The concept was further developed twenty years later when American programmer and designer Ted Nelson invented a system called Xanadu because he realised that: “We need a way for people to store information not as individual “files” but as a connected literature.” (as quoted in http://tracearchive.ntu.ac.uk/transition/guide/origins.htm accessed 25/11/2006)

Nelson coined the terms hypertext and hypermedia:

“Hypertext was ‘nonsequential’ text, in which a reader was not constrained to read in any particular order, but could follow links and delve into the original document from a short quotation. Ted described a futuristic project, Xanadu, in which all the world’s information could be published in hypertext. (…) He had the dream of a utopian society in which all information would be shared among people who communicated as equals.”
[Berners-Lee, Tim Weaving the Web: the Past, Present and Future of the World Wide Web London and New York: Texere Publishing Ltd., 2000 (1st published: London: Orion Business, 1999), pp. 5-6]

In 1991 (26 years later) at Cern, in Switzerland, Tim Berners-Lee developed the first global hypertext: the World Wide Web.
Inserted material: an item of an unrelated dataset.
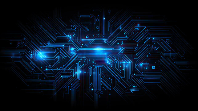 Abstract blue circuit design with glowing digital aesthetic, symbolizing futuristic technology and innovation

“The fundamental principle behind the Web was that once someone somewhere made available a document, database, graphic, sound, video or screen at some stage in an interactive dialogue, it should be accessible (subject to authorisation, of course) by anyone, with any type of computer, in any country. And it should be possible to make a reference -a link- to that thing, so that others could find it. This was a philosophical change from the approach of previous computer systems. (…) Getting people to put data on the Web often was a question of getting them to change perspective, from thinking of the user’s access to it not as interaction with, say, an online library system, but as navigation through a set of virtual pages in some abstract space.” (Ibid, p. 40)
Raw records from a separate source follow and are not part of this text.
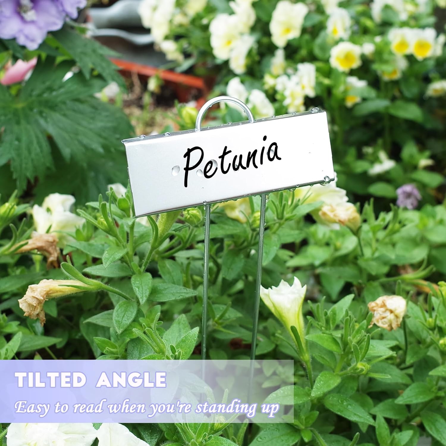 • ♥ Stable Two-Foot & Tilted Angle: The stable 2-foot design of the plant label stakes are simple to insert into the soil and will stay put for years to come. The slightly sloping angle makes it easy to read when you're standing up, it really helps to remind you what's the where.
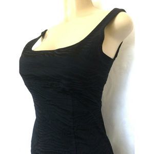 This Diane von Furstenberg Bridget dress stands out with its subtle black and navy zebra print pattern. The scoop neckline and low back expertly accentuate the female figure.
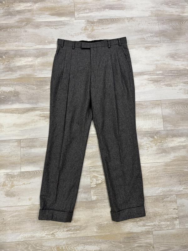 Стильные шерстяные брюки бренда Skabo. Модель унисекс. Размер М-L. Идеальное состояние. Состав: 100% шерсть, есть подкладка. Цвет серый. Длина 105 см, шаговый шов 81,5 см, по поясу 43,5 см, поб 54 см за счет защипов можно и больше, посадка спереди до шва 26 см, по низу 20 см.
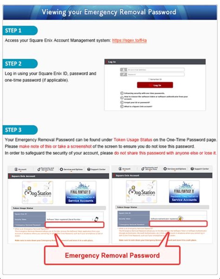 (1) Log in to the Square Enix Account Management System. (2) After you have logged into the Square Enix Account Management System, your Emergency Removal Password will be displayed under “Token Usage Status” below the “Square Enix Account Information” section at the right side of the screen.

“When I proposed the Web in 1989, the driving force I had in mind was communication through shared knowledge, and the driving ‘market’ for it was collaboration among people at work and at home. By building a hypertext Web, groups of people of whatever size could easily express themselves, quickly acquire and convey knowledge, overcome misunderstandings and reduce duplication of effort. This would give people in a group a new power to build something together.” (Ibid, p. 174-174)
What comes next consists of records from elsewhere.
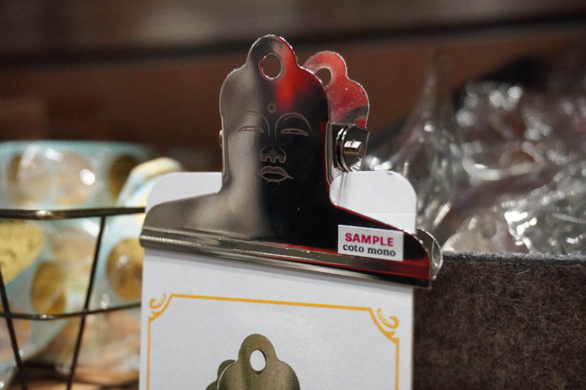 “Daibutsu Clip” dari coto mono, sebuah toko alat tulis di Prefektur Nara, menampilkan jepitan berbentuk gunung dengan wajah Buddha Agung yang tercetak di atasnya, sehingga menarik perhatian bahkan dari kejauhan.
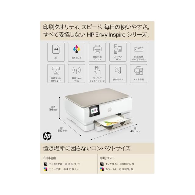 HP プリンター HP ENVY Inspire 7220 2022年モデル インクジェット複合機 スマートフォン連携 スキャン 無線LAN 自動両面印刷 タッチスクリーン付 テレワーク サンドベージュ(型番:242P9D0#ABJ) | つむぎ屋
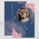 Crie uma primeira impressão inesquecível com este elegante Programa de Casamentos Azuis de marinho, com delicadas rosas cor-de-rosa-pincel e um design floral brilhante. O quadro circular de fotos douradas destaca lindamente o casal, acrescentando um toque pessoal ao convite. A mistura refinada de caligrafia e fontes serif melhora a estética clássica, mas romântica, fazer-a perfeita para casamentos modernos, elegantes e eternos. Ideal para casais que procuram um programa sofisticado com um toque floral suave e charmoso. F014

Today we talk about the Web 2.0, a second generation of Internet-based services –such as social networking sites, wikis, and communication tools– that emphasize online collaboration and sharing among users (Wikipedia, accessed 26/11/2006), and we continue to apply technology to art to make new meanings and to connect with each other.

2. Interactive storytelling

In recent years new forms of media writing have emerged, along with many different terms used to describe these: digital fiction; hypermedia; flash poetry; electronic literature; hypertexts; multi-media texts; web-based narratives . . . the list is long.

New media writing, being an emergent genre, does not even quite recognize itself yet. New media writers use different terms to refer to their work and to themselves. This is not unlike the broader debate about the terms and practices of new media art or media art or digital art or electronic art or art and new technologies….

Nevertheless, all new media writings have a least one thing in common: they must be viewed through the medium of an electronic display, usually a screen but sometimes just audio, via a computer, a PDA, mobile phone, data projector, or other. Their uniting characteristic is that the computer is an essential and inherent component of the writing, and without it the work would not exist.

Another common feature of much new media writing is the use of hypertext, which structures information in such a way that related items are connected, or threaded, together by links called hyperlinks. The items so linked may be text, but increasingly include other media, such as graphics, sound, animation or video. In this way hypertext becomes hypermedia.

Janet H. Murray, in her book Hamlet on the Holodeck talks about authorship in a new media context as ‘procedural’, which means that the author writes not only the text, but also the rules by which the text appears, that is, the rules for the readers/interactor’s involvement. I would add that, within such a context, the writer sometimes does not write the text at all. Instead, s/he creates the conditions for the interactors to produce the text themselves, and sets the context and rules for what can be produced and how. According to Murray: “The procedural author creates not just a set of scenes but a world of narrative possibilities.” (Murray, Janet H. Hamlet on the Holodeck: the Future of Narrative in Cyberspace Cambridge, Mass.: MIT Press, 1997, p. 153)

Another term Murray uses to describe the structure on new media writings is “kaleidoscopic”. This means that the structure allows for many actions to take place simultaneously, in multiple ways. (See ibid)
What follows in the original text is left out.